Un'implicazione più ampia di questa iniziativa è che sia le aziende hardware che quelle software stanno fornendo gli strumenti di cui i programmatori hanno bisogno per creare contenuti che funzionino su tutti i dispositivi, afferma Michael Gartenberg , vicepresidente della strategia mobile presso Jupitermedia, una società di ricerca con sede nel Connecticut. Il problema è [che] gli sviluppatori devono affrontare un panorama [mobile] frammentato, dice. E Adobe, cercando di ottenere questa architettura dei contenuti su più telefoni, sta cercando di semplificare le cose per gli sviluppatori.
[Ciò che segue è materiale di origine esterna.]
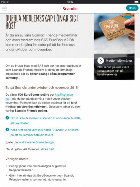 Man kan enligt reglerna inte kombinera förmåner utan man väljer vilket kort som skall gälla. I praktiken är det dock annorlunda, våra system spottar ju tex ut kupongen för scandic friends automatiskt och i princip alla delar ut den även om gästen bett om EB poäng istället för scandic,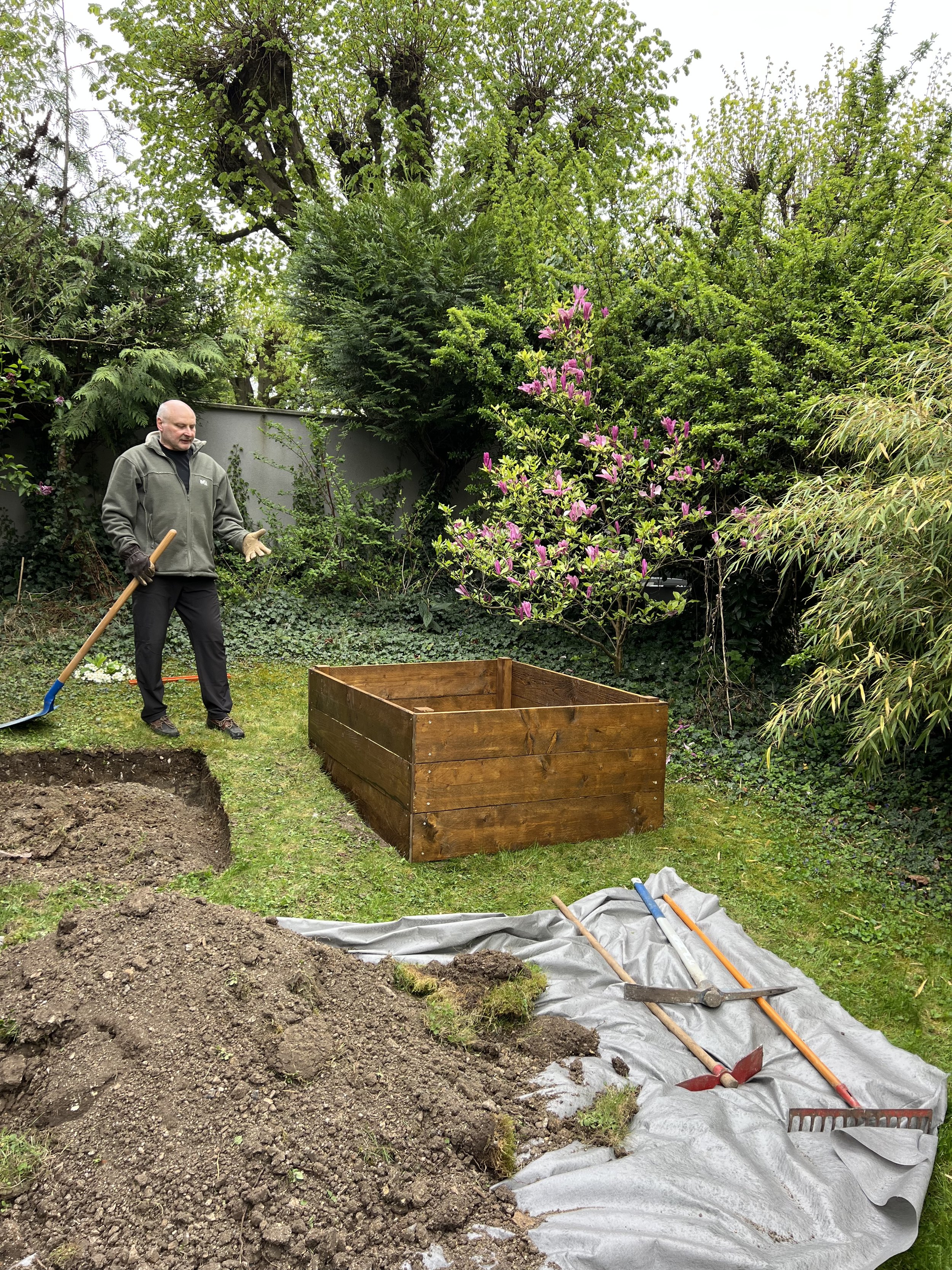 Décaissement du sol et mise en place des bacs

All'inizio di quest'anno, Adobe ha annunciato il Progetto a schermo aperto , una collaborazione con Nokia, Sony Ericsson, Qualcomm e altri volti a standardizzare Flash sui dispositivi mobili. Il progetto ha portato Adobe a rimuovere i costi di licenza, il che consente agli sviluppatori di integrare Adobe Flash Player e Adobe AIR in qualsiasi dispositivo o applicazione senza pagare alcun costo. Molti osservatori del settore hanno visto la mossa come una reazione al rilascio da parte di Microsoft di Silverlight, un concorrente di Flash.
L'annunciata partnership tra Adobe e ARM riguarda la possibilità di trasferire Open Screen Project sui telefoni, afferma Gartenberg. Hai le persone ARM che supportano la tecnologia, che è il primo passo fondamentale.